Gosh, we thought we were pretty clever yesterday!
We weren't buying into the afternoon rally and I had predicted the day would finish at 7,850 in my 1:08 alert to members and, at 2:59, with the Dow up at 8,004 I reminded members: "That was a gift for taking out putters ahead of tomorrow’s data – I hope you guys took advantage of it!" We promptly dropped another 125 points from there and we thought we had played it perfectly into today's unemployment data yet now, at 6:45 am, the futures have made an AMAZING recovery, jumping more than 1% since the close.
We expected good news from AAPL so that can't be it (could it?) and we played them the way we played GOOG, selling front-month premium looking for not much of a move over $125. It's a long way to the open and I probably should ignore the pre-markets entirely but do they really believe in Asia and Europe that the US is going to pop 75 points at the open just because AAPL is still the best consumer product company on Earth? More to the point, have our memories gotten so short that GM defaulting on a $1Bn payment and the carnage that may cause in the banking sector is already water under the bridge just 90 market minutes after we found out?

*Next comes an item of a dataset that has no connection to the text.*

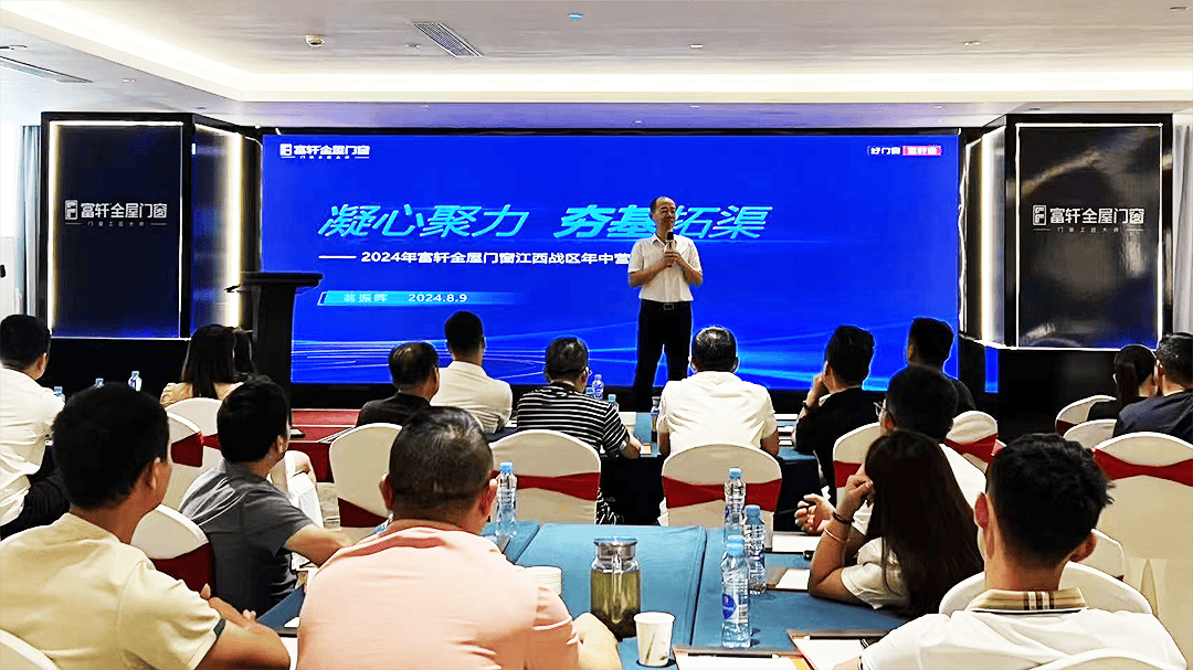 2024年8月9日,富轩全屋门窗江西战区加盟商年中变革营销峰会于上饶顺利召开,并取得圆满成功!富轩全屋门窗营销中心总经理翁总携商学院讲师团队与江西区域富轩大商精英们共聚一堂,汇聚智慧,以战略变革应对市场之变,共商门窗高效运营之道。

See, this is the kind of trouble thinking leads to. I will just take my own advice and watch our levels and trade accordingly. Fortunately, we are 1/2 covered on our long puts with DIA $79 puts at the moment so it's very easy for us to fully cover and flip more bullish, that's they whole idea of using a flexible cover system like this. Our reason for being slightly bearish into the close was mainly the Unemployment Data at 8:30, once we get past that – IF the markets hold – we would be willing to join the party.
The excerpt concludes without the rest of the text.